* Your assignment *
Task for the records below: please retype exactly and only the lines from the first through the one with "図書委員会の子供たちから出さ", with every picture omitted.

+-------+

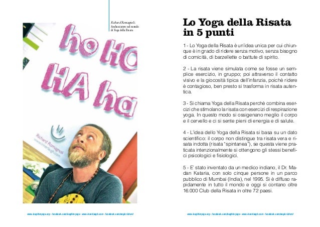 CLUB della RISATA è il nome che viene dato ad ogni gruppo che si riunisce per Ridere senza Motivo con lo Yoga della Risata Tale esercizio può essere fatto all’aperto, come nei parchi in India la mattina, oppure in luoghi chiusi (case, palestre, etc). Http//wwwnonsoloanimatv Conferenza di Richard Romagnoli sul tema "Ho imparato a ridere Il potere della Risata Interiore" (Milano, 15 gennaio 14) * *. Lo yoga della risata è una disciplina che insegna a ridere anche senza nessun motivo per farlo Nasce nel 1995 in India, da un’intuizione del dottore Madan Kataria e si diffonde rapidamente in tutto il mondo, anche grazie al lavoro dei cosiddetti ambasciatori dello yoga della risataOggi i club dello yoga della risata sono presenti in più di 70 stati ed hanno un seguito di milioni di.
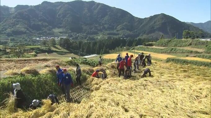 高千穂町では、棚田米の収穫イベントが開かれました。世界農業遺産にも認定されている高千穂町の川登棚田群。収穫イベントには宮崎梅田学園の硬式野球部の選手など約20人が参加し秋晴れの下、黄金色に実ったヒノヒ…
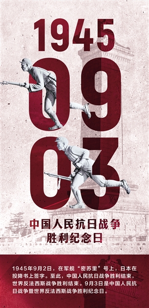 1945年9月2日,在军舰“密苏里”号上,日本在投降书上签字。至此,中国人民抗日战争胜利结束,世界反法西斯战争胜利结束。9月3日是中国人民抗日战争暨世界反法西斯战争胜利纪念日。 |
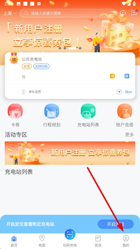 1、打开充电圈app,点击底部导航栏中的我的选项,进入个人页面。
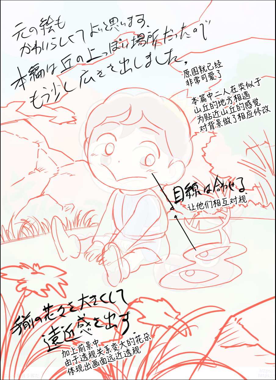 说起波奇和卡克,不免会想起二人就是在山丘上相遇的。因此我觉得可以给地面加上弧度,让场景看起来更像山丘,再给山丘后方的远景加上树木岩石等。在此基础上,为进一步突出此为「二人独处的空间」,可以对波奇和卡克两人的周围进行留白处理。还有就是运用到了前面提到过的「远、中、近景」技法,强调了前景的花朵。这样一来便能够避免画面显得过于空旷孤寂,还能营造出一种悠闲宁静的氛围。
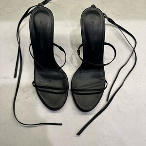 Step out in style with these elegant black strappy heels. Perfect for any occasion, these shoes offer both comfort and sophistication.
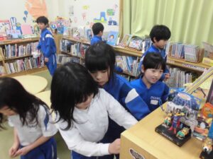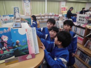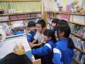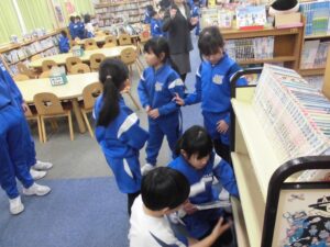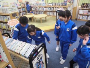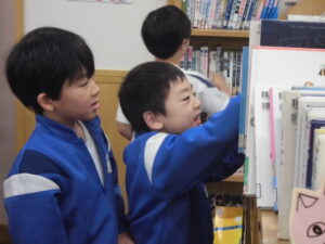 図書委員会の子供たちから出されたヒントを手がかりに、2年生の子供たちは2冊の本を探しました。たくさんの本が並ぶ図書室の中で、友達と相談したり協力したりしながら、楽しそうに本を探していました。
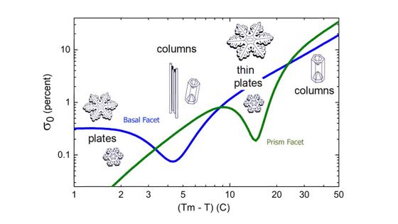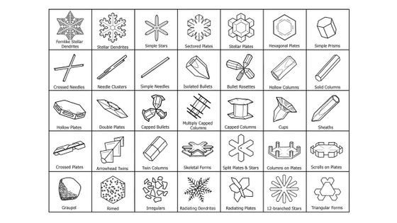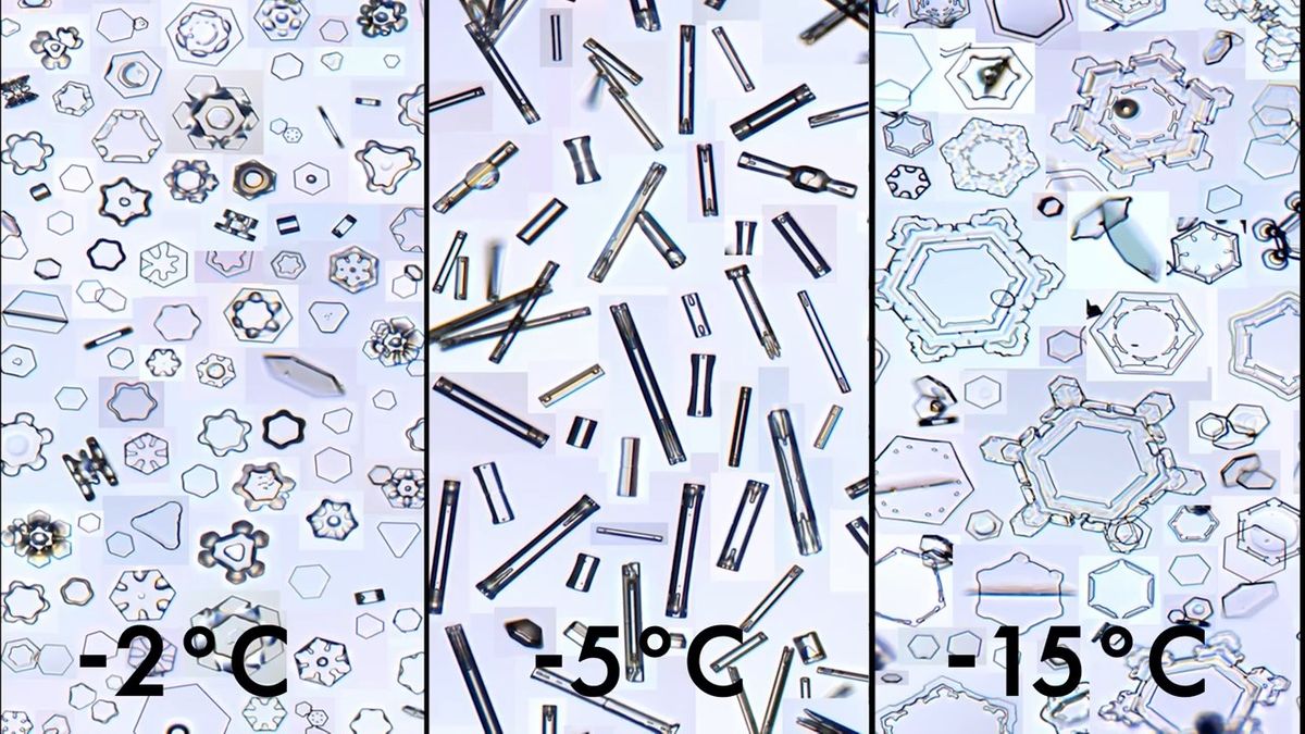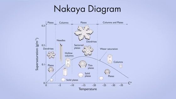 この法則はナカヤ・ダイヤグラムとしてまとめられています。まずマイナス2度付近でプレート状の結晶が作られ、マイナス5度を下回ると柱状や針状の結晶が形成されます。そしてマイナス15度からは再びプレート状の結晶になり、マイナス20度以下では柱状とプレート状の結晶がそれぞれ作られるとのこと。

+-------+

* Exercise solution *
 CLUB della RISATA è il nome che viene dato ad ogni gruppo che si riunisce per Ridere senza Motivo con lo Yoga della Risata Tale esercizio può essere fatto all’aperto, come nei parchi in India la mattina, oppure in luoghi chiusi (case, palestre, etc). Http//wwwnonsoloanimatv Conferenza di Richard Romagnoli sul tema "Ho imparato a ridere Il potere della Risata Interiore" (Milano, 15 gennaio 14) * *. Lo yoga della risata è una disciplina che insegna a ridere anche senza nessun motivo per farlo Nasce nel 1995 in India, da un’intuizione del dottore Madan Kataria e si diffonde rapidamente in tutto il mondo, anche grazie al lavoro dei cosiddetti ambasciatori dello yoga della risataOggi i club dello yoga della risata sono presenti in più di 70 stati ed hanno un seguito di milioni di.
 高千穂町では、棚田米の収穫イベントが開かれました。世界農業遺産にも認定されている高千穂町の川登棚田群。収穫イベントには宮崎梅田学園の硬式野球部の選手など約20人が参加し秋晴れの下、黄金色に実ったヒノヒ…
 1945年9月2日,在军舰“密苏里”号上,日本在投降书上签字。至此,中国人民抗日战争胜利结束,世界反法西斯战争胜利结束。9月3日是中国人民抗日战争暨世界反法西斯战争胜利纪念日。 |
 1、打开充电圈app,点击底部导航栏中的我的选项,进入个人页面。
 说起波奇和卡克,不免会想起二人就是在山丘上相遇的。因此我觉得可以给地面加上弧度,让场景看起来更像山丘,再给山丘后方的远景加上树木岩石等。在此基础上,为进一步突出此为「二人独处的空间」,可以对波奇和卡克两人的周围进行留白处理。还有就是运用到了前面提到过的「远、中、近景」技法,强调了前景的花朵。这样一来便能够避免画面显得过于空旷孤寂,还能营造出一种悠闲宁静的氛围。
 Step out in style with these elegant black strappy heels. Perfect for any occasion, these shoes offer both comfort and sophistication.
 図書委員会の子供たちから出されたヒントを手がかりに、2年生の子供たちは2冊の本を探しました。たくさんの本が並ぶ図書室の中で、友達と相談したり協力したりしながら、楽しそうに本を探していました。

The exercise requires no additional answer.